Argumentos da boate não foram capazes de convencer os magistrados
Reiterando que foi impedida de entrar na casa noturna por causa de sua orientação sexual, sendo humilhada publicamente, a autora da ação pediu a majoração da verba indenizatória para R$ 20 mil.
A juíza Daniela Almeida Prado Ninno, da 2ª Vara do Foro de Barra Bonita (SP), havia condenado a boate a pagar R$ 4 mil à autora.
A casa noturna, por sua vez, negou qualquer discriminação em relação à orientação sexual da demandante e postulou a reforma integral da sentença.
Em suas razões recursais, o estabelecimento alegou que há normas para o uso de trajes no recinto e que a autora não estava de acordo com tais regras, pois usava “bustiê e minissaia curtíssima”. A boate afirma ter oferecido uma blusa e um shorts, mas ela os recusou.
Segundo o relator das apelações, desembargador Luís Roberto Reuter Torro, ainda que se alegue existir uma “etiqueta de vestimenta” para o local, tal afirmação feita pela empresa ré apenas reforça a versão da autora de que o seu ingresso foi impedido por trajar roupas femininas.

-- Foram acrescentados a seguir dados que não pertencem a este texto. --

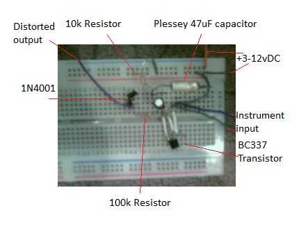 Edición: Si se aumenta la entrada capacito (el capacitor de 100n) las frecuencias más bajas pueden fluir a través del amplificador de emisor común, causando más del efecto distorsionado. Además, si cambias el bias del transistor (swap el 100 k resistencia de un valor mucho mayor, por ejemplo, 680k o más, el transistor se verá obligado a clip asimétrico, aumento de la distorsión. Ir a la última página para clips de sonido :)

Para o julgador, a requerente foi exposta a uma situação vexatória e manifestamente atentatória à sua dignidade.
“Constata-se que o caso em análise enfrenta com seriedade a delicada questão da discriminação contra pessoas cuja identidade de gênero diverge do sexo biológico”, avaliou Torro.

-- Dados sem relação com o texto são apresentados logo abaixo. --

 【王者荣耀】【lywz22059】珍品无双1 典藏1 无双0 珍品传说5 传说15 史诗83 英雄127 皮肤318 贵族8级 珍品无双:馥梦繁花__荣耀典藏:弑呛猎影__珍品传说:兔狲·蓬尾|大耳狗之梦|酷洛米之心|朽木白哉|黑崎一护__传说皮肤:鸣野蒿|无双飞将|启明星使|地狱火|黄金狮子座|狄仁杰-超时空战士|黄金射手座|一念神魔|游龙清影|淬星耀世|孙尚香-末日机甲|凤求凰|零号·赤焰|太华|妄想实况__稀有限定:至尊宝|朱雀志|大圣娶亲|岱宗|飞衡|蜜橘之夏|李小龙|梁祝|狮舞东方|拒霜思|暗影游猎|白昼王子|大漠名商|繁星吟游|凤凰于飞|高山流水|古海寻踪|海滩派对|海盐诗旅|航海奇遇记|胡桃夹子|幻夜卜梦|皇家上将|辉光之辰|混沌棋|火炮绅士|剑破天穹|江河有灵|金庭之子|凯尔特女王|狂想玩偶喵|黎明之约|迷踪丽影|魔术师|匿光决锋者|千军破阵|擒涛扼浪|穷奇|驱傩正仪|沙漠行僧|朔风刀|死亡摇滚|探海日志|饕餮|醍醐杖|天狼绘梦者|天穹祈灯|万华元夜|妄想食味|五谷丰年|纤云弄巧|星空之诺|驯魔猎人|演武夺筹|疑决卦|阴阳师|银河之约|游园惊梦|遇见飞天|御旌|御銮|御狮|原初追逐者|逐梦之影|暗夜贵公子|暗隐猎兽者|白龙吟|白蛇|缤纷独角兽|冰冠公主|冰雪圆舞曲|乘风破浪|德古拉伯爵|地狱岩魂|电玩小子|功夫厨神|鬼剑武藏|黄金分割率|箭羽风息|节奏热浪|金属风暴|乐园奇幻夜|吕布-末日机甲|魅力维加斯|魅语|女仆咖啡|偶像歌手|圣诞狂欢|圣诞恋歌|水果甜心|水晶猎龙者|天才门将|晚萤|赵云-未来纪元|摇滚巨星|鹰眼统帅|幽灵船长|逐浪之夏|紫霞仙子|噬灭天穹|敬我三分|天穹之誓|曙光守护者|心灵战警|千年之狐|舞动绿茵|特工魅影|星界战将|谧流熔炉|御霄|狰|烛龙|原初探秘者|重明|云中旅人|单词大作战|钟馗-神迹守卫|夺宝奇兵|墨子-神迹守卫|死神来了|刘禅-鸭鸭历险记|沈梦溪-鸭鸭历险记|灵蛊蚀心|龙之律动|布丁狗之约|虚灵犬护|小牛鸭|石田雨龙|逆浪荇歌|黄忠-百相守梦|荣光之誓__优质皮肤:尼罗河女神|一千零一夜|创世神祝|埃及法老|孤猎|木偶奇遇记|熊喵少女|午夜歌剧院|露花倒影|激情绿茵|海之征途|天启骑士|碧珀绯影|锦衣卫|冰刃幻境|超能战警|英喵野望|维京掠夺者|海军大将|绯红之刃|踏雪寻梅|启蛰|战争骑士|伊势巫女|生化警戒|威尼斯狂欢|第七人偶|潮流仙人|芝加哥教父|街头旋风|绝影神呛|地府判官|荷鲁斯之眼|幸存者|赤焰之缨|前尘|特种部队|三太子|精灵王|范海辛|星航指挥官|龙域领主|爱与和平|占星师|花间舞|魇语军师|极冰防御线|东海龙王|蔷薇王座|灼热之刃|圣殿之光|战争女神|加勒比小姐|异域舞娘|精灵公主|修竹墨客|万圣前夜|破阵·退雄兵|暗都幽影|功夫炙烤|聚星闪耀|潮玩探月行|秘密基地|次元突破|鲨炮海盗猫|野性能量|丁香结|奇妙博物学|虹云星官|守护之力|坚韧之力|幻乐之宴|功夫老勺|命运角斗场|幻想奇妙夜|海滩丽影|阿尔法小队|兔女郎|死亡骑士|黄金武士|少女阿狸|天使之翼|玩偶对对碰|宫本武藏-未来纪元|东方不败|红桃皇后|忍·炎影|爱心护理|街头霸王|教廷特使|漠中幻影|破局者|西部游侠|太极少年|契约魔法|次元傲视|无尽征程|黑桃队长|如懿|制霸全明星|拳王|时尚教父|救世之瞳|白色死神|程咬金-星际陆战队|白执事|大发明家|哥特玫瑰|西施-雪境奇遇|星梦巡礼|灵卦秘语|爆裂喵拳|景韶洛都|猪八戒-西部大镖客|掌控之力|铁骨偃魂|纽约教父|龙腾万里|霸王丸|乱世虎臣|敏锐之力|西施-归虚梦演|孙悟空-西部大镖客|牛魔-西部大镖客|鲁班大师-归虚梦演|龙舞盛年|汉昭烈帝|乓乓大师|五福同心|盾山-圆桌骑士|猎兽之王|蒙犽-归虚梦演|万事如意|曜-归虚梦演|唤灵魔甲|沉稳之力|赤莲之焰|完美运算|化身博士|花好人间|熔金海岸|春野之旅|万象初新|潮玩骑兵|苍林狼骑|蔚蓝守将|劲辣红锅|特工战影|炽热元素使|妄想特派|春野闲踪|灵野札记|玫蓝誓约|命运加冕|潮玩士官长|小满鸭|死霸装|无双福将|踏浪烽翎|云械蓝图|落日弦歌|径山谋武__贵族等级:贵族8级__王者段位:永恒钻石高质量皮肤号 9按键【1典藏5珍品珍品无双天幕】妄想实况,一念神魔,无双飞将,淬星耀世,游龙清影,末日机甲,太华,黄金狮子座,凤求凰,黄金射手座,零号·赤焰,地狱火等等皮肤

Segundo o magistrado, a situação extrapolou o limite do aborrecimento cotidiano, configurou-se como indubitável preconceito e causou à vítima danos morais puros, ou seja, aqueles decorrentes da própria situação vivenciada.
Por essa razão, o relator negou provimento ao recurso da boate, porque a “sentença analisou corretamente todas as questões discutidas nos autos, mediante criteriosa avaliação dos fatos e das provas”, e deu parcial provimento à apelação da autora, aumentando a indenização para R$ 10 mil.
A ré também deverá arcar com as custas processuais e os honorários sucumbenciais, fixados em 15% sobre o valor da condenação.
De acordo com Torro, o valor de R$ 10 mil guarda em si a devida proporção entre a lesão e a respectiva reparação, leva em conta a condição econômica das partes e atende aos critérios da razoabilidade e da proporcionalidade.
Além disso, é apto para compensar os dissabores sofridos pela autora e atingir a finalidade punitiva e a função educativa de tal reparação. Os desembargadores Rogério Murillo Pereira Cimino e Dario Gayoso seguiram o relator.
Ingresso condicionado
O episódio ocorreu na madrugada de 5 de março de 2017. Acompanhada de algumas amigas, a autora disse que foi proibida de entrar por estar vestida como mulher.
Um empregado da boate afirmou que ela é homem e, para ingressar no local, deveria estar com trajes masculinos, a menos que exibisse documento provando ser do sexo feminino.
“Proibir que transexual ingresse em determinado local porque as suas roupas não coincidem com o seu sexo biológico viola a livre escolha de gênero, caracteriza preconceito, causa dano moral e gera o dever de indenizar”, sentenciou Daniela Ninno.
Conforme a juíza, a prova testemunhal foi uníssona no sentido de que outras mulheres se vestiam como a autora e não foram barradas, acentuando a discriminação denunciada.